The New Jersey Pandemic Relief Fund (NJPRF) announced its first round of grants to help stabilize the food distribution network that provides food security for more than 1,000,000 residents in vulnerable communities across the state.
The non-profit NJPRF was launched March 24th to marshal resources to meet critical needs and fight the economic and social impact of COVID-19 within New Jersey.
“We organized the NJPRF to meet four critical challenges of our state in the face of the COVID-19 crisis,” said Tammy Murphy, First Lady of New Jersey and founder of NJPRF, “Stop the spread, support the healthcare community, provide help for the vulnerable, and rebuild. We begin with this food distribution effort, as it is one that is most urgent.”
Over the past three weeks, NJPRF has developed a broad base of stakeholders and advisors that will allow the organization to quickly provide desperately sought-after resources. These initial grants reflect the realities of drastically increased economic challenges in New Jersey and the logistical difficulties of getting food to the people who need it most.
In tandem, NJPRF is focusing on the New Jersey healthcare community. Analysis of its most urgent needs and the best approach and organizations to meet them is underway and ongoing.
“Today, after an unprecedented generous response by donors around the country, we are able to announce our first grants, to 110 service organizations in 20 of New Jersey’s 21 counties,” said Murphy. NJPRF identified organizations that are able to deliver help immediately and surveyed them to assess their ability to meet the demand in their communities, Murphy said. Grants were based on that assessment.
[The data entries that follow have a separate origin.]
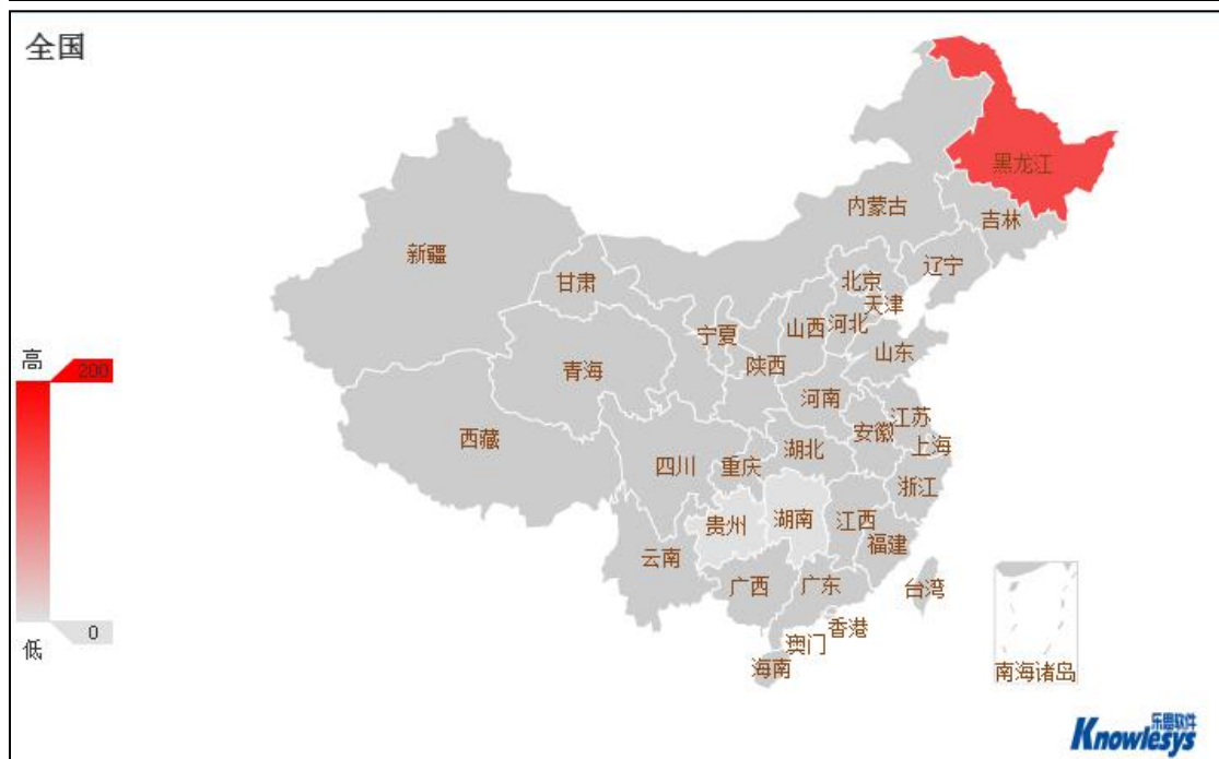
(图 6: 地域舆情分布图)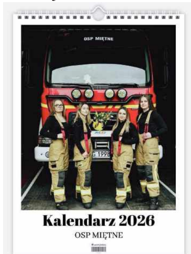
Zakup kalendarza to forma wsparcia Ochotniczej Straży Pożarnej w Miętnej. Młodzieżowa Drużyna Strażacka przy OSP została powołana do życia w roku 2020

W tym miejscu przypomnijmy: Ochotnicza Straż Pożarna w Miętnej została założona w 1922 roku. Powstała z inicjatywy aktywnie działającego w miejscowości koła młodzieży. Jego pierwsi członkowie w roku 1921 brali udział w kursie teatralnym w Garwolinie, zorganizowanym z pomysłu Związku Teatrów Ludowych w Warszawie. Młodzieżowa Drużyna Strażacka przy Ochotniczej Straży Pożarnej w Miętnej została powołana do życia w roku 2020. Od tego czasu prężnie działa na rzecz OSP i sołectwa Miętne oraz systematycznie się rozwija. Strażacy z Miętnej corocznie biorą udział m.in. w adoracji Grobu Pańskiego, przygotowaniach ołtarza do procesji Bożego Ciała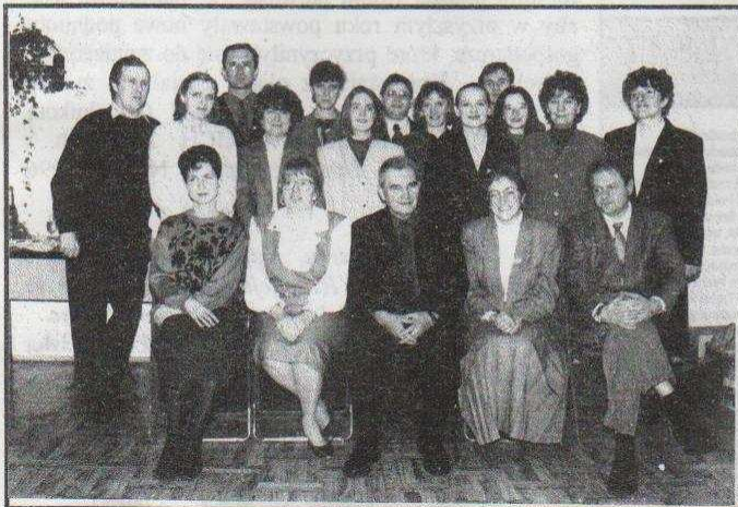
Uczestnicy i organizatorzy kursu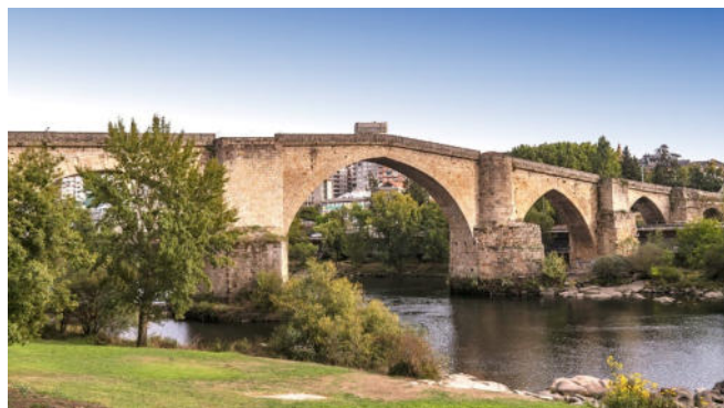
Romanische Brücke in Ourense

Erstes Ziel Ihrer heutigen Etappe ist die bereits von den Römern gegründete Provinzhauptstadt Ourense , zu deren bekanntesten Wahrzeichen die romanische Brücke über den Río Miño und die Kathedrale San Martín gehören. Ein herausragendes Beispiel romani-scher Bauplastik ist der Pórtico del Paradiso , dessen Vorbild das Portal der Kathedrale von Santiago de Compostela war. Mit ihrem Sterngewölbe ist die Kuppel über der Vierung ein Element gotischer Architektur. Der Schnitzaltar im Chor stammt aus dem frühen 16. Jh. und wurde von einem flämischen Meister geschaffen.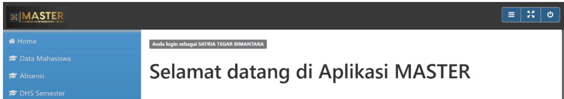
Gambar 2. Desain Awal: Navigasi flat-list yang Memicu Disorientasi.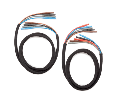
Рис.: Отводы для измерения напряжения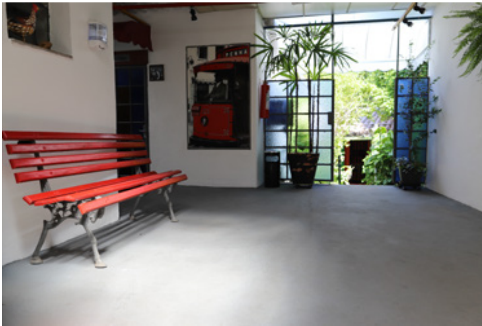
Hall de entrada do Memorial Penha de França, em 2019

Na parte térrea do sobrado, temos um escritório 4×4 m, uma sala de acervo e uma biblioteca 4×4 m, e também uma sala para exposições temporárias com balcão e café 4 × 4 m. A casa e os três cômodos externos são ligados por um corredor e um hall com jardim e banheiros masculino e feminino, além de área de serviços.

Of 550 organizations in New Jersey’s food distribution network surveyed, more than 160 provided full responses. About 30% of them said they currently did not require funding. The remaining shared funding needs that included food sourcing, operating expenses and expenses related to increasing capacity.
“Without this assistance, some pantries might have had to close their doors or reduce services, leaving neighbors searching for their next meal and putting additional pressure on the other local organizations,” Murphy said.
The grants can also support food pantries’ efforts to establish social distancing protocols to safely provide food to individuals already infected with COVID-19 and to those exposed to them, Murphy said.
The current food security grants range from $5,000 to $25,000 and are awarded to organizations affiliated with the three main food banks in the state – Community FoodBank of NJ, the South Jersey Food Bank and Fulfill (formerly Food Bank of Monmouth and Ocean Counties). (List of grantees attached). Murphy herself has no role in the grant award process.
“This essential food security effort is only the beginning,” said Josh Weinreich, CEO of NJPRF. “NJPRF is uniquely situated to analyze the statewide landscape of needs created by this pandemic. Our federal and state partnerships combined with a deep connection to local relief organizations give us a unique vantage point to target our grants and resources to help those most affected. We are fortunate that NJPRF is able to identify and provide funds to those organizations that can deliver aid most quickly, efficiently and effectively.”
According to Weinreich, a generous donation to cover all administrative costs of the fund means that one hundred percent of NJPRF online donations received can directly fight the impacts of COVID-19 and support organizations that provide essential services and aid to those on the front line of the pandemic. NJPRF is hosted by the Community Foundation of New Jersey, which has been serving New Jersey non-profits and philanthropists for more than 40 years.